Julien Bridge

A roman bridge in the Luberon

The Julien Bridge is located on the Domitian Way (via Domitia), which passed through Cavaillon linking Narbonne (Colonia Narbo Martius) with Turino (Augusta Taurinorum) to finally reach the Alps and provide communications with Rome. It owes its name to the proximity of Apt, called at the time Colonia Apta Julia.

Built under the orders of Julius Ceasar,  it owes its name to the proximity of Apt, called at the time Colonia Apta Julia.

Traditionally dated from the year 3 BC, the architecture of this edifice, 80 m long, 6 m wide, 11.50 m high, and with a span of 46 m, is characterized by its quite elegant appearance, thanks to the three, very wide semi-circular arches providing a lightness of style and solidity. The central arch is higher and wider than the others ; the intermediate supports are pierced with large semi-circular openings, to allow for the draining of the waters of the Cavalon when their levels rose, and are fitted upstream wih semi-circular cutwaters. The limestone used in its construction came from the quarries of the Luberon. It replaced an older bridge, of which we can see traces around the supports. 

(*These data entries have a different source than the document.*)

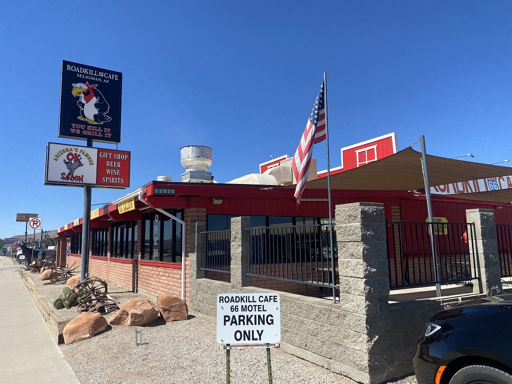 24.09., Mittwoch: Petrified Forest war das Ziel für heute, da es dort wesentlich niedrigere Temperaturen werden sollen. Allerdings sind das 600 km, daher in Seligman auf der Route 66 erst einmal Rast gemacht. Hier habe ich auch in einer urigen Kneipe zu Mittag gegessen, ihr Slogan war: „You kill it – we grill it!“ Daher auch der Geier als Wahrzeichen! 🙂 OK, einen per Auto erlegten Kadaver hatte ich nicht, daher habe ich mich dann für einen Hamburger entschieden.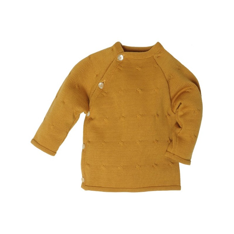 Mit diesem wunderschönen Strickpullover aus dünnem Twist von Reiff ist ihr Kind zu jeder Gelegenheit warm und niedlich angezogen. Das zart eingearbeitete Zopfmuster verbindet eine klassische Strickart mit modernem Trend. Der Pullover hat eine durchgängige Knopfleiste zum besseren An- und Ausziehen.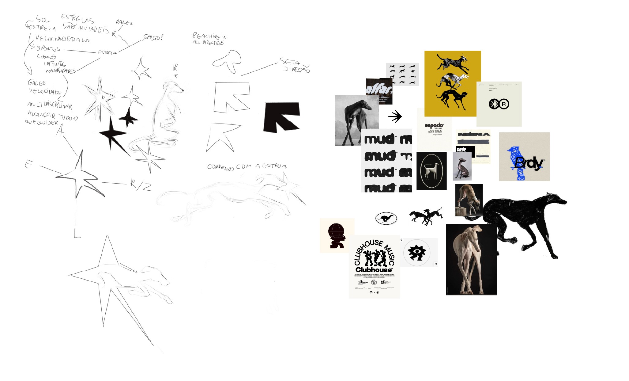 I wanted the logo to be something striking, but that also represented me, and above all contained my initial "R", both from my personal name and my pseudonym. Throughout this process I came to understand that the star archetype could represent many of my characteristics, such as movement, plurality and expansion. Together with the symbol of the Greyhound (dog), which represents speed, agility and discipline.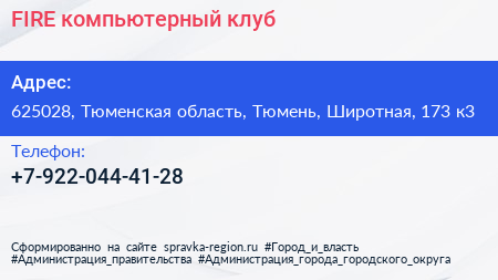 FIRE, компьютерный клуб по адресу 625028, Тюменская область, Тюмень, Широтная, 173 к3 в дальнейшем Организация, размещена в следующих категориях: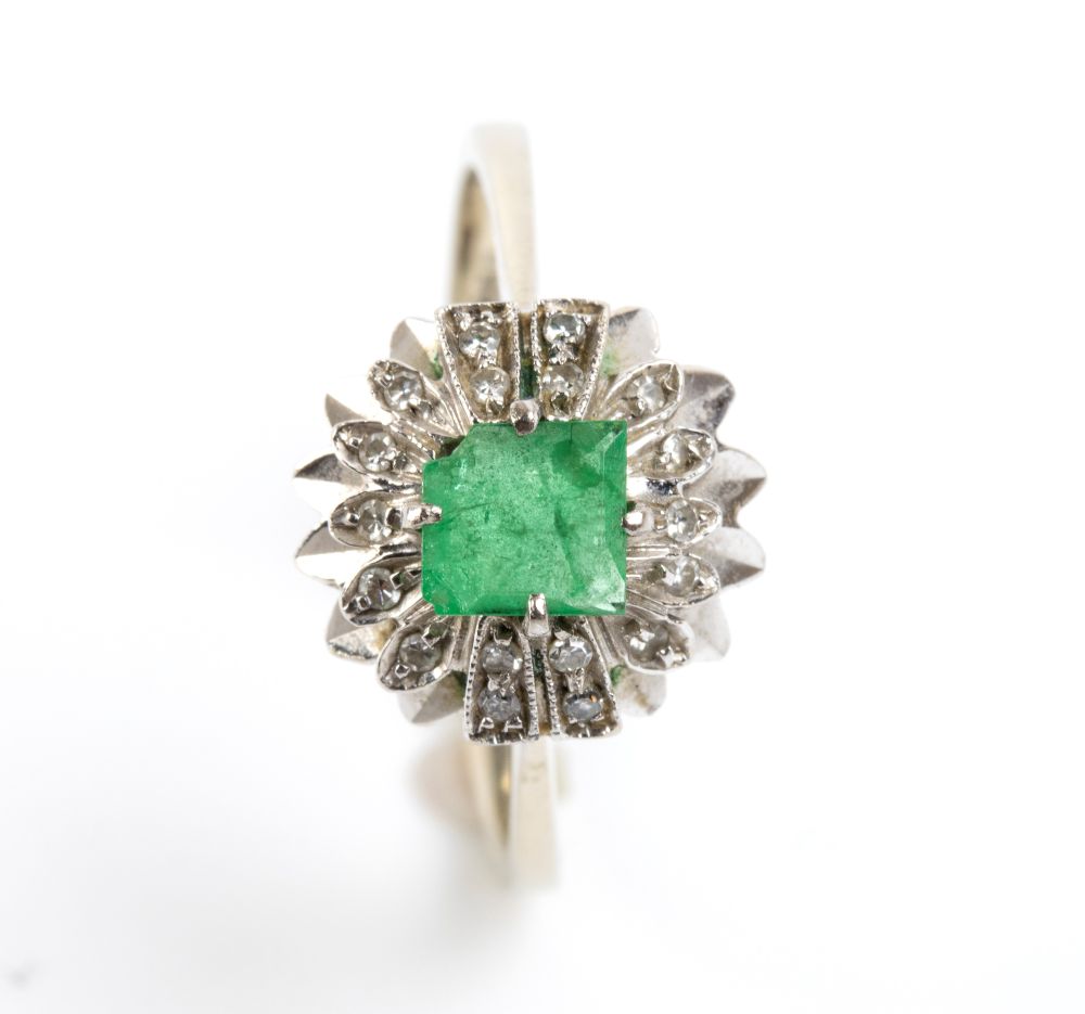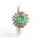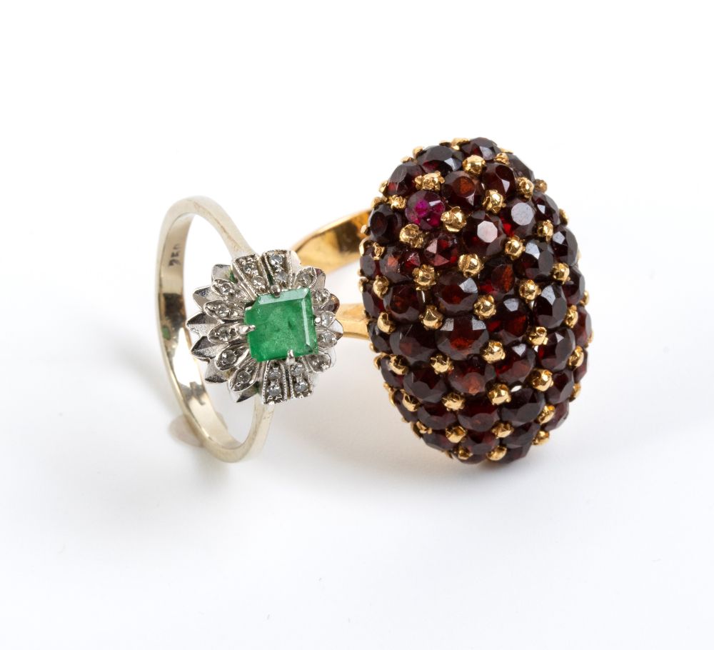 in oro giallo ed oro bianco 18k, lotto composto da: un anello con pavé di granati e un anello con motivo a fiore con smeraldo e diamanti taglio huit-huit.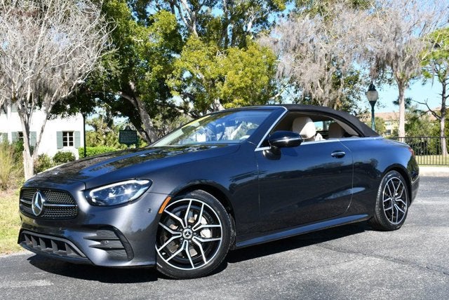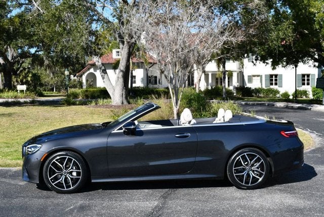 Please contact us for a complimentary Carfax report. 2023 Mercedes-Benz E450 RWD 2-door convertible. 1 owner. Balance of full factory warranty is in effect. Stunning Graphite Grey Metallic exterior. Macchiato Beige/Magma Grey leather trimmed interior. Black cloth convertible soft top. Due to the rapid pace of our vehicle sales, please call us to verify availability of the car you are interested in. Please allow us the opportunity to verify all pricing and options with you before your purchase. Pre-owned automobiles may not be available.

Classed on the 1914 list as "Historical monument", the Julien Bridge has resisted time.

In 1789, work was undertaken, cracks were filled in and it would no longer be open to heavy vehicles.  In the 20th century, the Julien Bridge needed urgent repairs ; following acceptance, the town decided to begin its restoration, with the support of the Conseil Général. Today, the Pont Julien is still used to reach the N100. 

The Julien Bridge was part of the roads network (departmental route 108) until Spring 2005 and the making of a detour and construction of a new bridge nearby, in order to protect it... A brand new concrete bridge was built to save the Julien Bridge from traffic.